Alivisatos returned to the United States to attend the University of Chicago where in 1981 he earned his B.A. in Chemistry with honors. He attended graduate school at UC Berkeley, graduating with a Ph.D. in Chemical Physics in 1986. He went to AT&T Bell Labs as a post-doctoral fellow and returned to Berkeley in 1988 as an assistant professor of chemistry. He was promoted to associate professor in 1993 and full professor in 1995. He served as UC Berkeley’s Chancellor’s Professor from 1998 to 2001, and added an appointment as a professor of materials science and engineering in 1999.
Alivisatos’ affiliation with Berkeley Lab began in 1991 when he joined the staff of the Materials Sciences Division. He rose to become director of that division in 2002, a position he held for six years. In 2001 he was named to head a new U.S. Department of Energy center for nanoscience called the Molecular Foundry, which is hosted at Berkeley Lab. He continued to direct research at the Foundry until 2005. From 2005 to 2007 he served as Berkeley Lab’s Associate Laboratory Director for Physical Science.

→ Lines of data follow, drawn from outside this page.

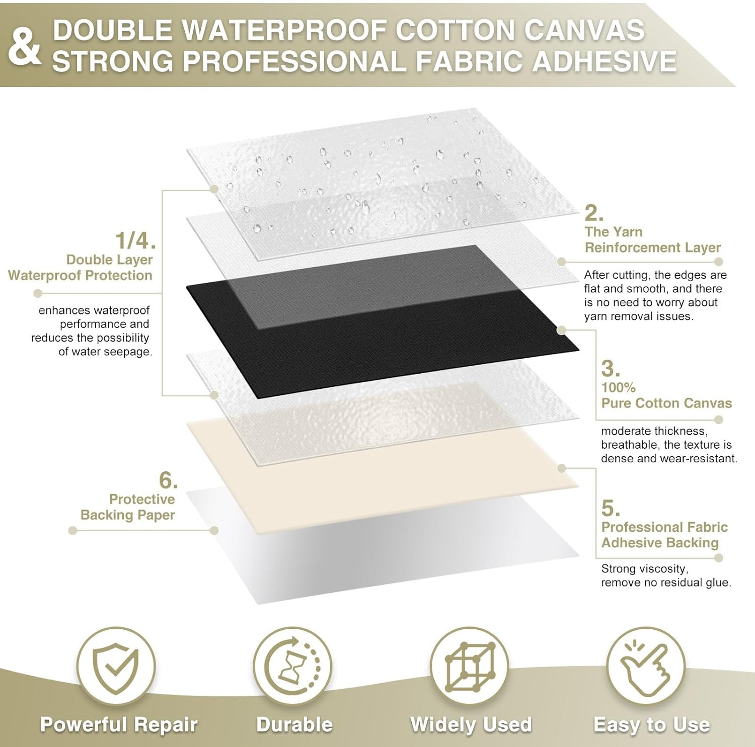 Canvas Repair Tape 4 70 Inch Waterproof Self-Adhesive Patch for Fabric Repairs
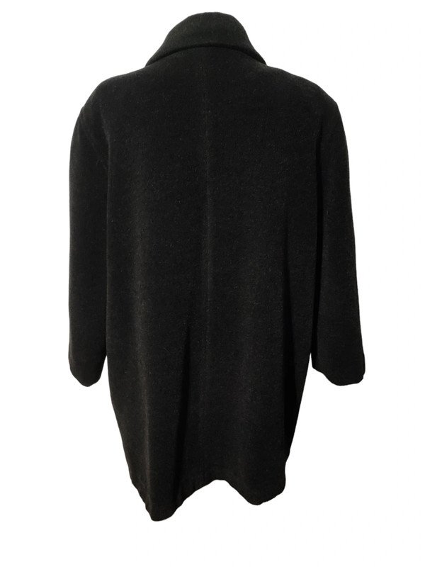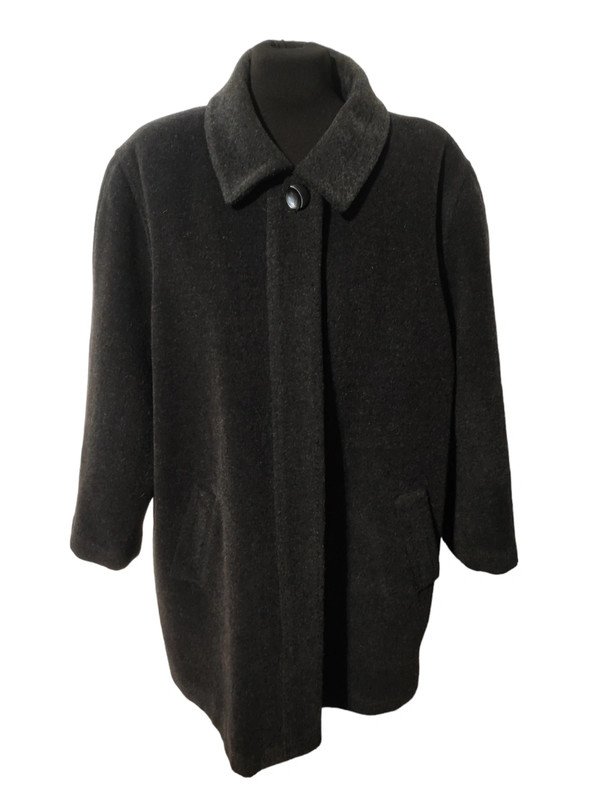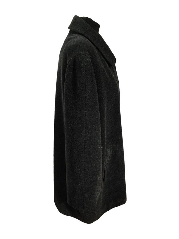 Luksusowy płaszcz premium w klasycznym grafitowym kolorze, wykonany z wysokogatunkowej mieszanki naturalnej wełny, kaszmiru i angory. Miękki, ciepły i przyjemny w dotyku – idealny na jesień i zimę. Krój typu oversize w trapezowej formie pięknie układa się na sylwetce, zapewniając komfort i elegancję jednocześnie.
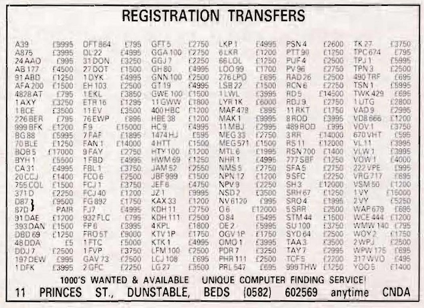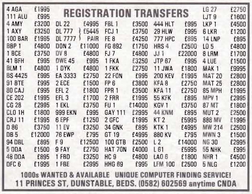 An ad from Car Numbers magazine from June 1988 and has 4 R advertised for £15,950
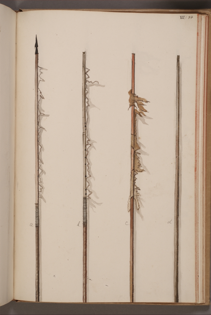 Avbildning i gouache föreställande fanstänger tagna som troféer av svenska armén. Stången näst längst till höger i bild finns bevarad i Armémuseums samling, för mer information, se relaterade objekt.

Alivisatos was appointed to lead Berkeley Lab’s Materials Sciences Division by then Lab director Charles Shank who hailed him as “one of the fathers of nanoscience.” One of the first to publish scientific results in the field, Alivisatos went on to publish well over 285 papers. He is widely recognized as the person who altered the nanoscience landscape with the creation of rod-shaped semiconductor nanocrystals that could be stacked to create nano-sized electronic devices. Until then, semiconductor nanocrystals came in one shape only, that of a sphere. He followed that milestone with numerous other technical breakthroughs that advanced nanotechnology, including the creation of a new generation of hybrid solar cells that combined nanotechnology with plastic electronics.

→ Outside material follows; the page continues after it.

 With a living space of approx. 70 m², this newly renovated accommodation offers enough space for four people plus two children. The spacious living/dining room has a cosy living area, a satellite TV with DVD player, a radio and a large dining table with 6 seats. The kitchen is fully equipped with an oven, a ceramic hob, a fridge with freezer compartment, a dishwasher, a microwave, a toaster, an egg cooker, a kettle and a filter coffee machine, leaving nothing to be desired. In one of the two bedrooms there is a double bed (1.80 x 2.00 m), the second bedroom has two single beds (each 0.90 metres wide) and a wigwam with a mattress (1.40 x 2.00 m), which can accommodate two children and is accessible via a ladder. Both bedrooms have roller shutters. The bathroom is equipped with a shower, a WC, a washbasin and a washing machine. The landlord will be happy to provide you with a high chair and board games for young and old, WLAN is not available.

“Paul Alivisatos has been a world leader in the synthesis of artificial nanostructures and quantum dot technology, and one of the principal scientific drivers behind the use of nanoscience technologies to create a new generation of solar photovoltaic cells,” Steve Chu said when he named Alivisatos as Berkeley Lab’s deputy director.
The many awards and recognitions Alivisatos has received for his science include the U.S. Department of Energy's Ernest Orlando Lawrence Award, the Wolf Foundation Prize in Chemistry, the Von Hippel Award from the Materials Research Society, the ACS Award in the Chemistry of Materials, the Eni Italgas Prize for Energy and Environment, the Rank Prize for Optoelectronics, the Wilson Prize at Harvard, the Coblentz Award for Advances in Molecular Spectroscopy, and the U.S. Department of Energy's Award for Sustained Outstanding Research in Materials Chemistry and Outstanding Scientific Accomplishment in Materials Chemistry. In addition, Alivisatos has held fellowships with the American Association for the Advancement of Science, the American Physical Society, the American Chemical Society and the Alfred P. Sloan Foundation. He is a member of the National Academy of Sciences and the American Academy of Arts and Sciences.
When UC President Yudof announced Alivisatos’ appointment as Berkeley Lab director, he said this, “Paul Alivisatos’ scientific expertise and management experience have earned the respect and confidence of the lab staff, the academic community, the DOE, and other federal and industrial sponsors. I am confident that Paul is the right leader for the Berkeley Lab at this pivotal point in its history. Under his leadership, Berkeley Lab will continue to make great contributions in science and to the world around us.”